Internal Exclusion

There is no lack of evidence to support the proposition that the duopoly parties systematically exclude third party interests from everyday political discourse and activity, while framing this disenfranchisement as a triumph of democracy and non-partisan law-making. As Douglas Schoen recently wrote in a piece on the potential for third party activism on the conservative right: "the two major parties, who appear to disagree on virtually everything, agree on the need to keep any alternatives off of the ballot." However, it should also be noted that such exclusionary policies and practices are not confined to eliminating external threats to the order of the duopoly. Two-party discipline also necessitates what we may call internal exclusions, which maintain the 'integrity' (and I use this term loosely) of the established structure of power.

This is especially clear in the case of Massachusetts. The stated goal of the Patriot Initiative blog, for instance, is "to restore a two party system in Massachusetts and beyond," which, of course, means the resurrection of the Republican Party in liberal New England. Aside from the fact that such endeavors are greeted with opposition from Republicans nationally, who are loath to placate so-called RINOS (i.e. Republicans-in-name-only, see, for instance, the reception of Rockefeller Republican's prescriptions by the folks at RedState), there are in addition entrenched local and state interests which do not appreciate any encroachments onto their own turf. Sam Adams at the Patriot Initiative writes of the MA Republican Party:
The ineptitude of this party's leadership, from the entrenched State Committee members who treat their positions as an exclusive social club designed to keep people OUT, instead on bringing people IN, to the local party Chairs who have seen their active members dwindle to the point of some clubs not even meeting or disbanding, is KILLING any chance for growth in our ranks.

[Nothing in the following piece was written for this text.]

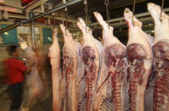 國家統(tǒng)計局公布數(shù)據(jù)顯示,6月份豬肉同比漲57.1%,影響CPI上漲約1.37個百分點。新華社發(fā)(許叢軍攝) |

A case in point is supplied by Bobby Constantino at The Dot, who launched a long-shot Republican campaign in MA to unseat an incumbent House Democrat in 2006, and recognizes it now as a dreadful error:
I had no idea what I was getting into. My friends and former colleagues distanced themselves from me. People I didn't know avoided me. Even the people in the State Republican Party treated me like a plague, looking at me like I was from Mars when I talked about the things I had seen in Roxbury. I thought I was being bold and brave and doing something meaningful when I decided to run. Instead, I now know that I put my career on the line for, well, nothing. (Emphasis added.)
The two party system maintains and reproduces itself by means of external exclusions possible only on the basis of the bipartisan front, as well as internal exclusions which consolidate the power of party elites via the discipline of the good old boys and girls clubs.